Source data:
************

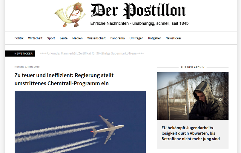 Zurück zu Der Postillon: "Regierung stellt umstrittenes Chemtrail-Programm ein"
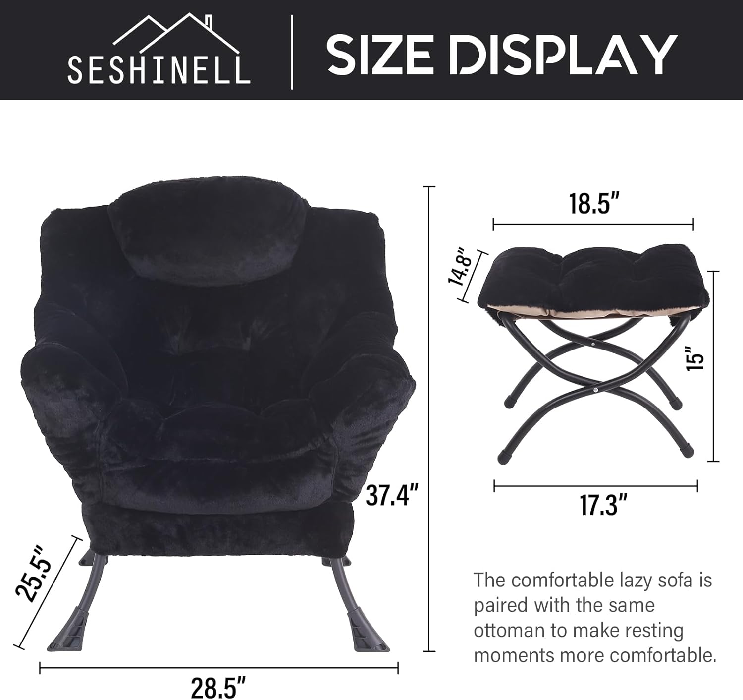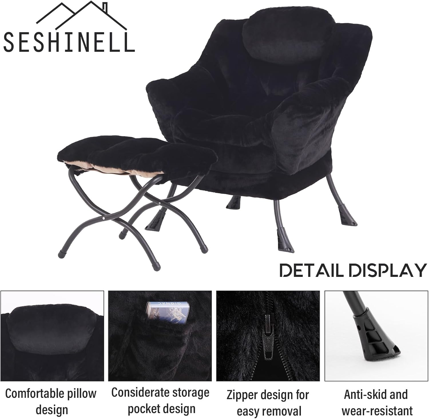 - LAZY CHAIR WITH OTTOMAN: The comfy lazy chair comes with a versatile folding footstool. You can also put the footstool next to the sofa and coffee table in the living room as a footstool to relax your feet, or even put it in the hallway or doorway and sit on a small stool to change your shoes.
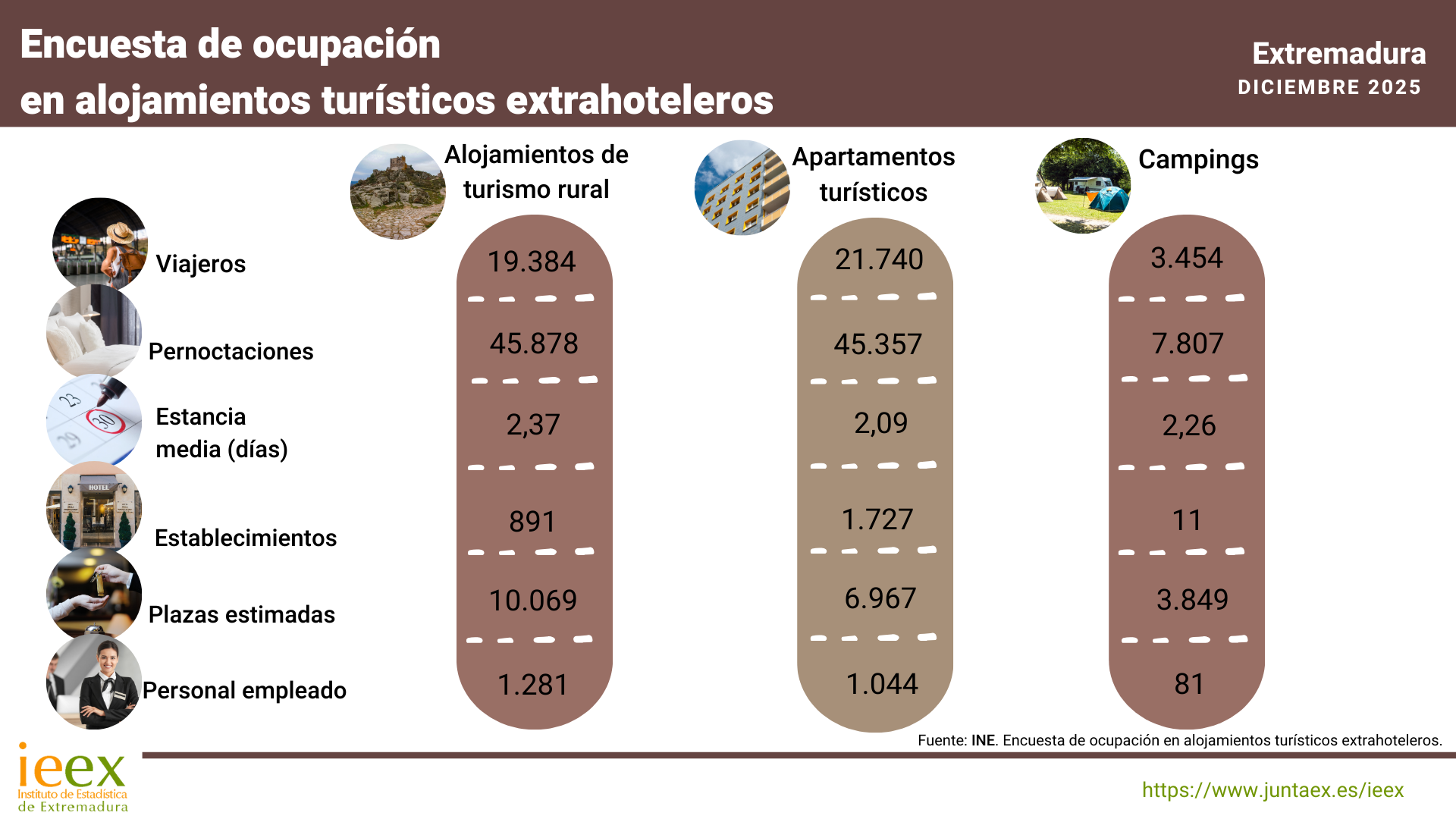 Se ha publicado la nota divulgativa, infografía, indicadores y gráfico interactivo de la Encuesta de ocupación en alojamientos turísticos extrahoteleros. Diciembre 2025
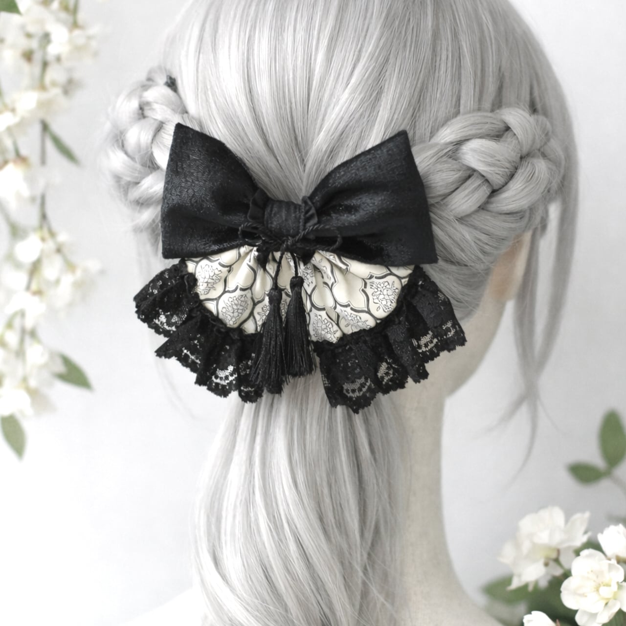 春灯の便り|モノクロとベロア調のダブルダマスク模様生地と黒レースに房飾りが重なるジャボタイ2wayリボン/ゴシック 華ロリ 中華風 タッセル モノトーン
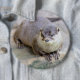 Small-clawed otter lying on stone. Latin name Amblonyx cinerea.
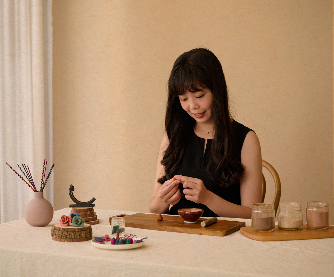 在機緣下接觸到到手作課程,從來沒有經驗的我,在做手作無意間讓我發現,我學的這些可以為房東打造室內布置美學,讓房客回到家有一個舒心的空間,在氣味的部分也能大大加分,每一次和房客的互動,讓我更感到快樂與滿足。
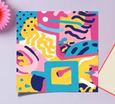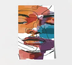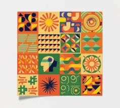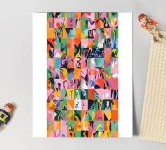 Una composizione astratta vibrante ed energica con un volto stilizzato integrato in un patchwork colorato di motivi geometrici. L'opera è un'esplorazione moderna e giocosa dell'identità e della forma.
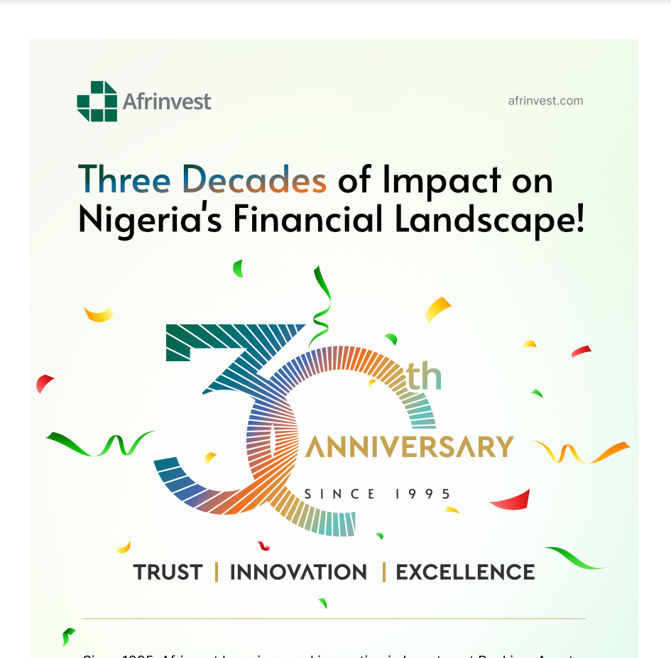 Afrinvest (West Africa) Limited will this month commemorate its 30th anniversary with…
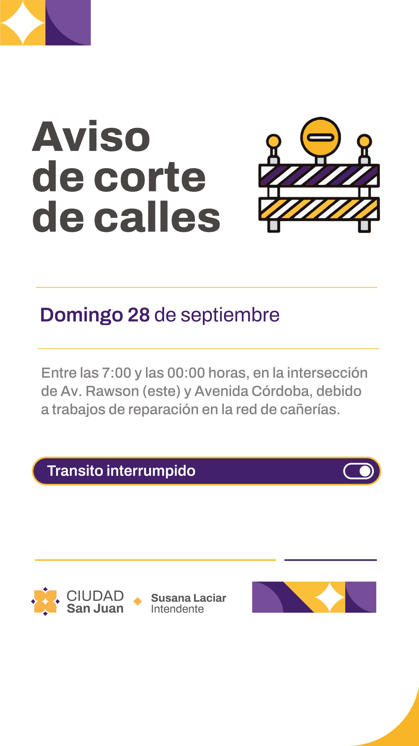 La Municipalidad de la Ciudad de San Juan informa que el domingo 28 de septiembre, entre las 7:00 y las 00:00 horas, se interrumpirá el tránsito vehicular en la intersección de Av. Rawson (este) y Avenida Córdoba, debido a trabajos de reparación en la red de cañerías.
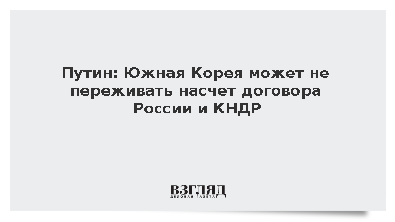 «Республике Корея не о чем беспокоиться, потому что наша помощь (КНДР) в военной сфере в соответствии с договором, который мы подписали, возникает только в том случае, если в отношении одной из подписавших этот документ сторон будет осуществлена агрессия», – сказал Путин, передает РИА «Новости».
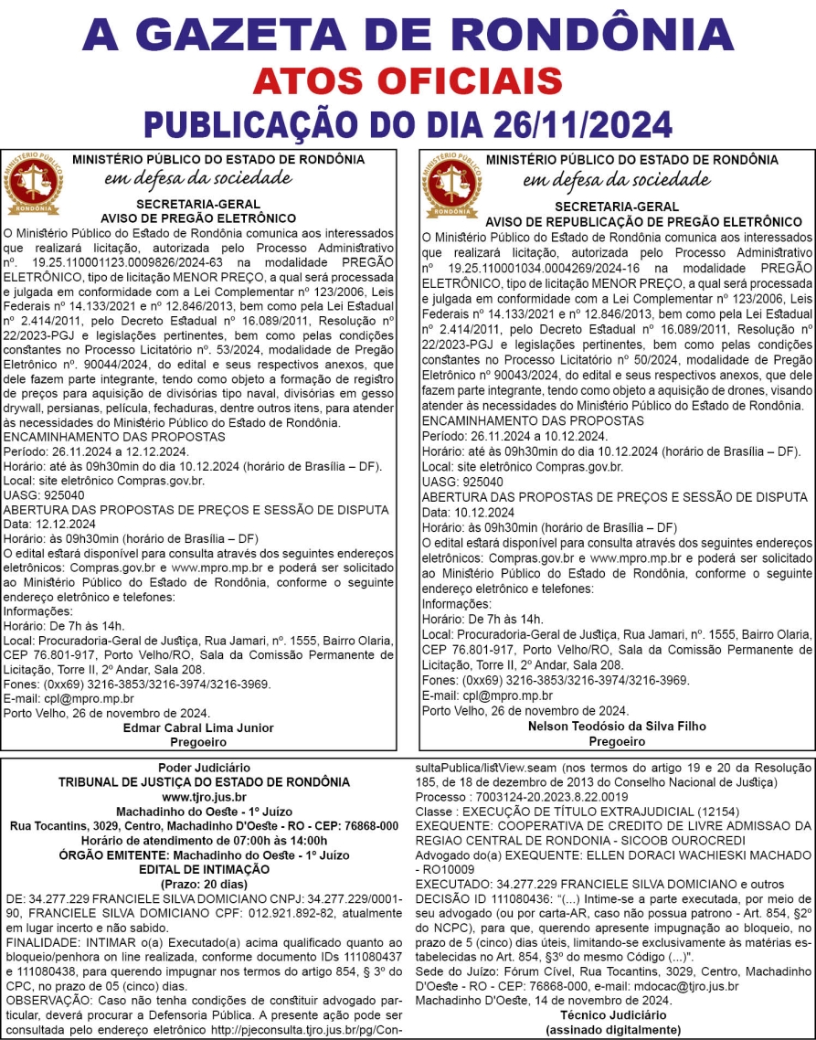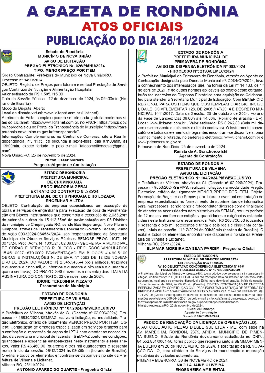 A GAZETA DE RONDÔNIA ATOS OFICIAIS PUBLICAÇÃO DO DIA 26/11/2024
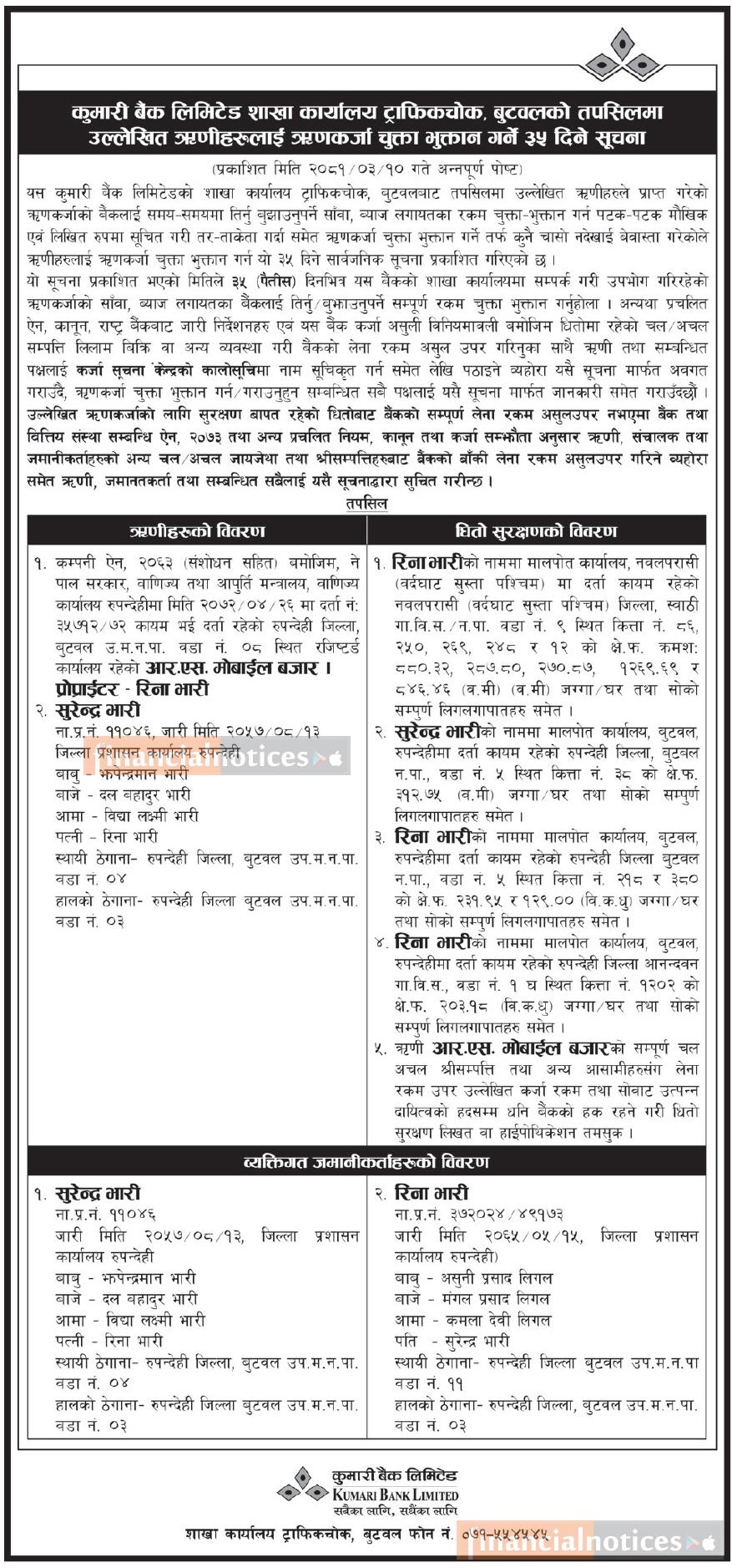 बुटवलको तपसिलमा उल्लेखित ऋणीहरुलाई ऋणकर्जा चुक्ता भुक्तान गर्ने ३५ दिने सूचना
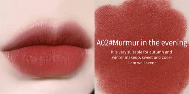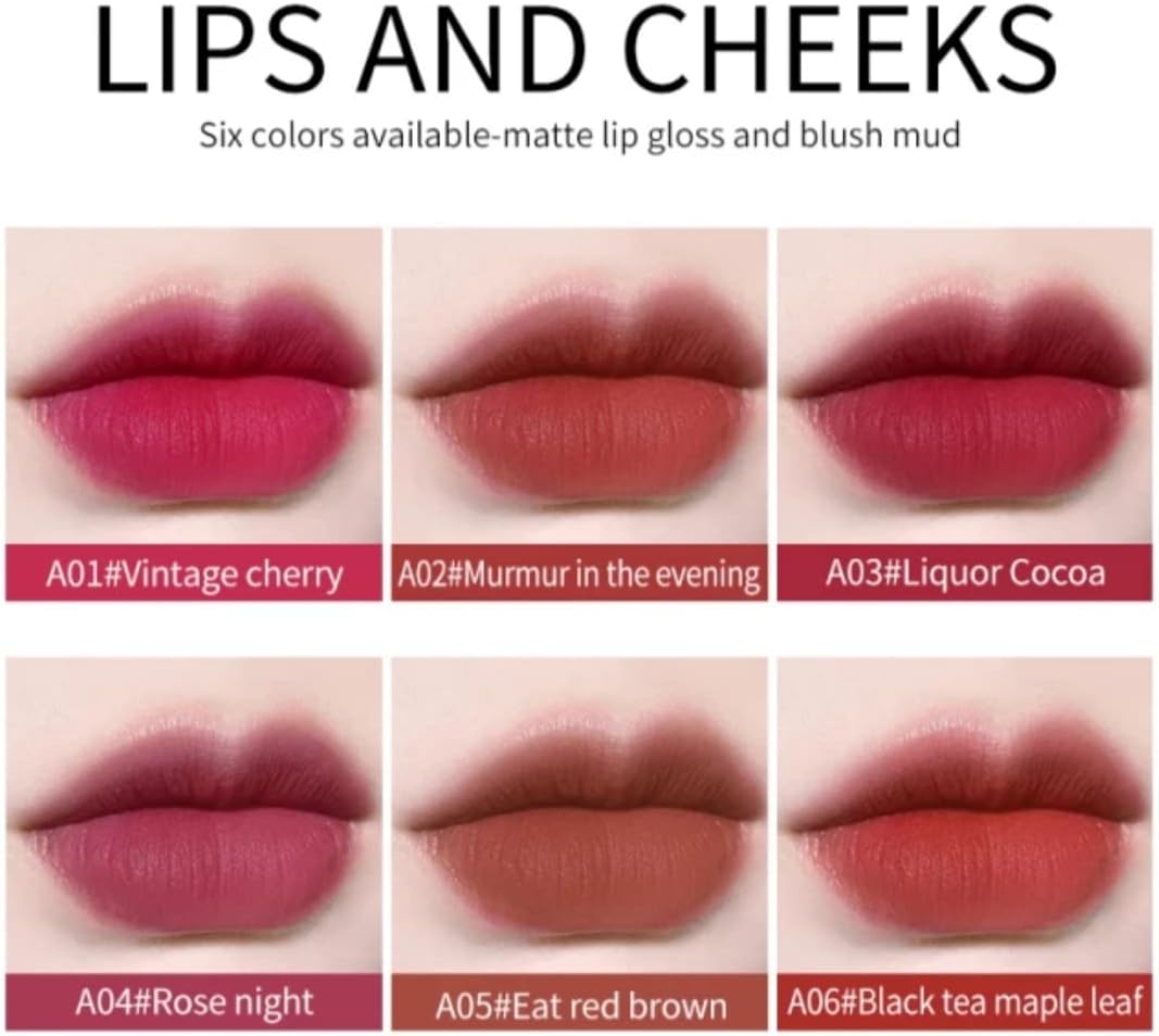 Lipstick Mousse Velvet LIPSTICK Mud Waterproof Matte Lip Gloss Vegan Cosmetic Blush Lip Cheek Tint Mud (A02# MURMUR IN THE EVENING)
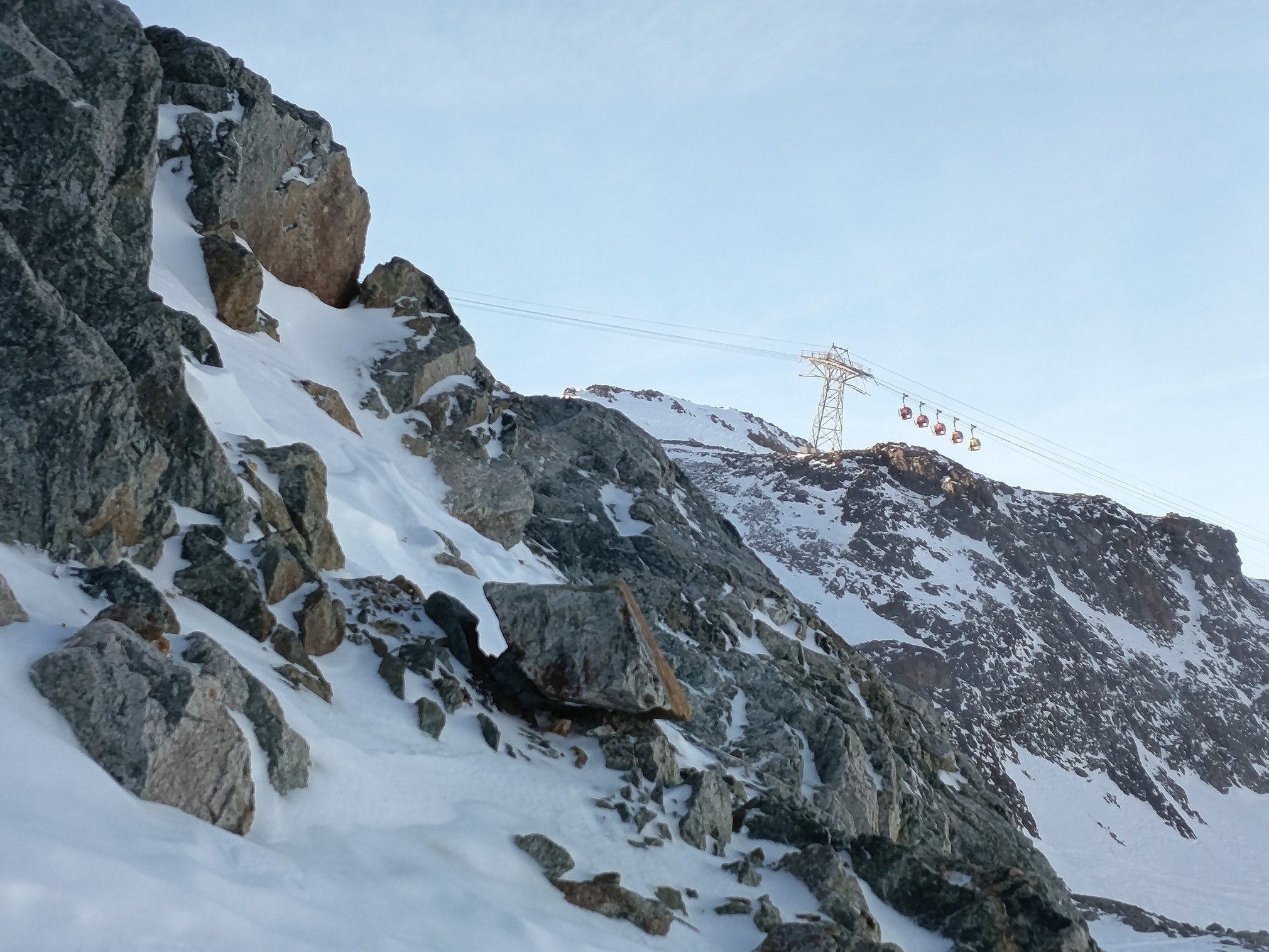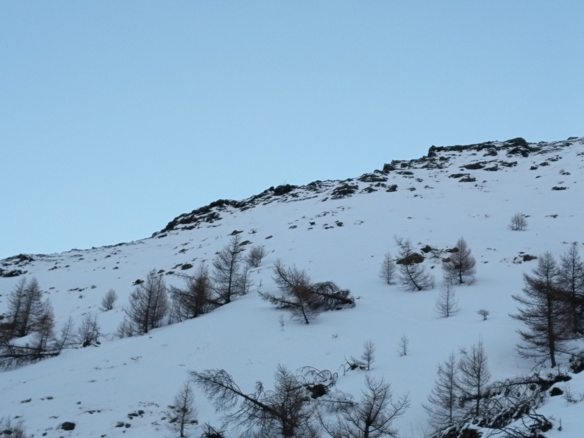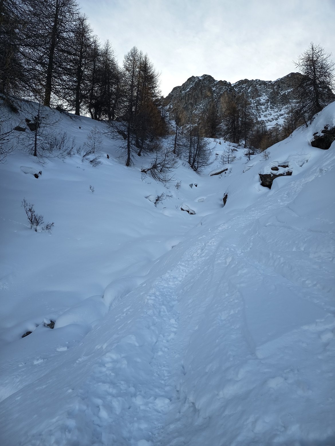 c'est plaisant d'aller jusqu'en bas et le fort vent de sud a 3000 ramene la neige constamment dans les vallons

************

WHAT YOU ARE ASKED TO DO:
Output each line above exactly. Skip the images.

RESULT OF THIS TASK:
 Zurück zu Der Postillon: "Regierung stellt umstrittenes Chemtrail-Programm ein"
 - LAZY CHAIR WITH OTTOMAN: The comfy lazy chair comes with a versatile folding footstool. You can also put the footstool next to the sofa and coffee table in the living room as a footstool to relax your feet, or even put it in the hallway or doorway and sit on a small stool to change your shoes.
 Se ha publicado la nota divulgativa, infografía, indicadores y gráfico interactivo de la Encuesta de ocupación en alojamientos turísticos extrahoteleros. Diciembre 2025
 春灯の便り|モノクロとベロア調のダブルダマスク模様生地と黒レースに房飾りが重なるジャボタイ2wayリボン/ゴシック 華ロリ 中華風 タッセル モノトーン
 Small-clawed otter lying on stone. Latin name Amblonyx cinerea.
 在機緣下接觸到到手作課程,從來沒有經驗的我,在做手作無意間讓我發現,我學的這些可以為房東打造室內布置美學,讓房客回到家有一個舒心的空間,在氣味的部分也能大大加分,每一次和房客的互動,讓我更感到快樂與滿足。
 Una composizione astratta vibrante ed energica con un volto stilizzato integrato in un patchwork colorato di motivi geometrici. L'opera è un'esplorazione moderna e giocosa dell'identità e della forma.
 Afrinvest (West Africa) Limited will this month commemorate its 30th anniversary with…
 La Municipalidad de la Ciudad de San Juan informa que el domingo 28 de septiembre, entre las 7:00 y las 00:00 horas, se interrumpirá el tránsito vehicular en la intersección de Av. Rawson (este) y Avenida Córdoba, debido a trabajos de reparación en la red de cañerías.
 «Республике Корея не о чем беспокоиться, потому что наша помощь (КНДР) в военной сфере в соответствии с договором, который мы подписали, возникает только в том случае, если в отношении одной из подписавших этот документ сторон будет осуществлена агрессия», – сказал Путин, передает РИА «Новости».
 A GAZETA DE RONDÔNIA ATOS OFICIAIS PUBLICAÇÃO DO DIA 26/11/2024
 बुटवलको तपसिलमा उल्लेखित ऋणीहरुलाई ऋणकर्जा चुक्ता भुक्तान गर्ने ३५ दिने सूचना
 Lipstick Mousse Velvet LIPSTICK Mud Waterproof Matte Lip Gloss Vegan Cosmetic Blush Lip Cheek Tint Mud (A02# MURMUR IN THE EVENING)
 c'est plaisant d'aller jusqu'en bas et le fort vent de sud a 3000 ramene la neige constamment dans les vallons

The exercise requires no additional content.